Your objective:
Print the material below exactly as it stands, please, from its first line to the line holding "Cuaderno de tapa", with no pictures.

Stored data:
━━━━━━━━━━━━━━━━
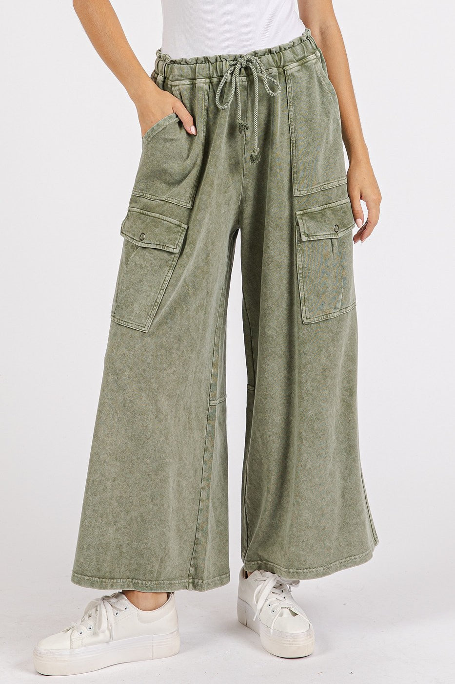 Une ceinture élastique recouverte avec cordon de serrage ajustable assure un confort optimal tout au long de la journée, tandis que les poches latérales et les poches cargo à rabat offrent un espace de rangement pratique. Les coutures apparentes complètent le style décontracté et bohème de ce pantalon, qui se marie facilement avec des débardeurs, des t-shirts et des vêtements légers.
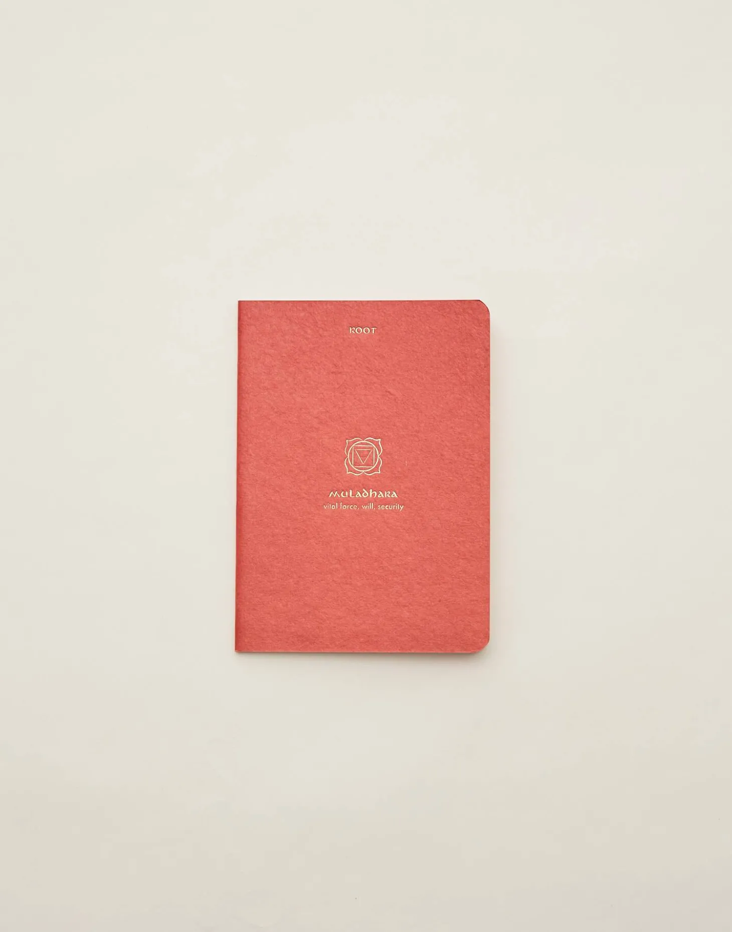Cuaderno de tapa blanda con hojas en blanco y dibujo de chakra en la portada.
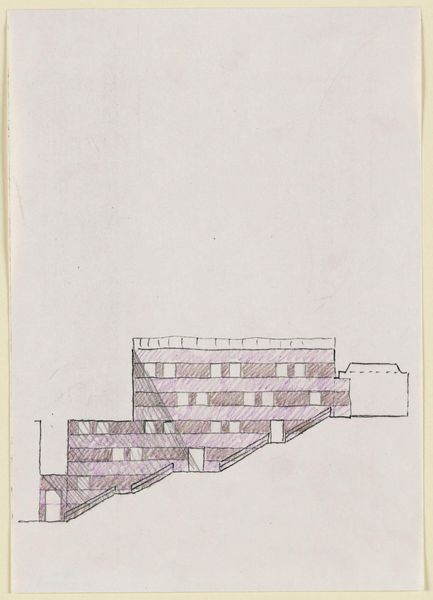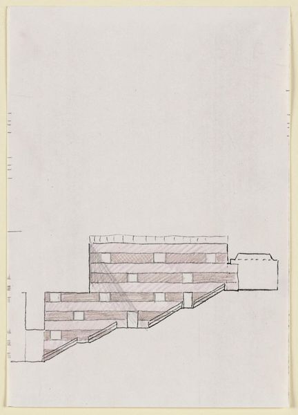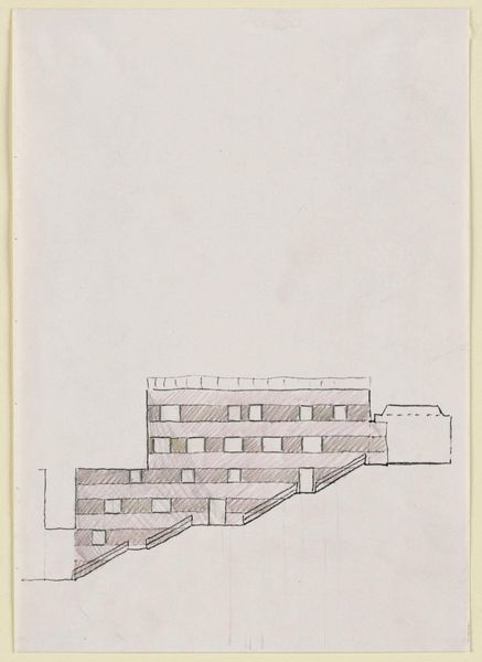 Curator: This is James Stirling's "Drawing for the Arthur M. Sackler Museum, Fenestration Study for Stairwell Wall." It resides here at the Harvard Art Museums, its dimensions just under a foot tall. Editor: It feels like a fragment, almost accidental. The hatching is so present; I'm immediately drawn to the labor and the raw process of architectural design. Curator: Indeed. The fenestration study, the pattern of openings, shows the artist's structural considerations. The composition emphasizes stark geometry and repetitive forms. Editor: And that repetitive geometry speaks to the modularity of construction, the prefabricated elements brought together to create a whole. It highlights the building as a product of industry. Curator: Perhaps, but I also see a sophisticated exploration of space and light. The interplay of solids and voids creates a dynamic visual rhythm, an internal logic. Editor: I can appreciate that, but I'm more interested in what this drawing tells us about the construction and the materials, the physical reality of the building. Curator: A compelling point. Ultimately, the drawing invites us to contemplate the relationship between artistic vision and built form. Editor: Yes, the architecture's physicality and the draftsperson's hand leave a lasting impact.
━━━━━━━━━━━━━━━━
Response area:
 Une ceinture élastique recouverte avec cordon de serrage ajustable assure un confort optimal tout au long de la journée, tandis que les poches latérales et les poches cargo à rabat offrent un espace de rangement pratique. Les coutures apparentes complètent le style décontracté et bohème de ce pantalon, qui se marie facilement avec des débardeurs, des t-shirts et des vêtements légers.
Cuaderno de tapa blanda con hojas en blanco y dibujo de chakra en la portada.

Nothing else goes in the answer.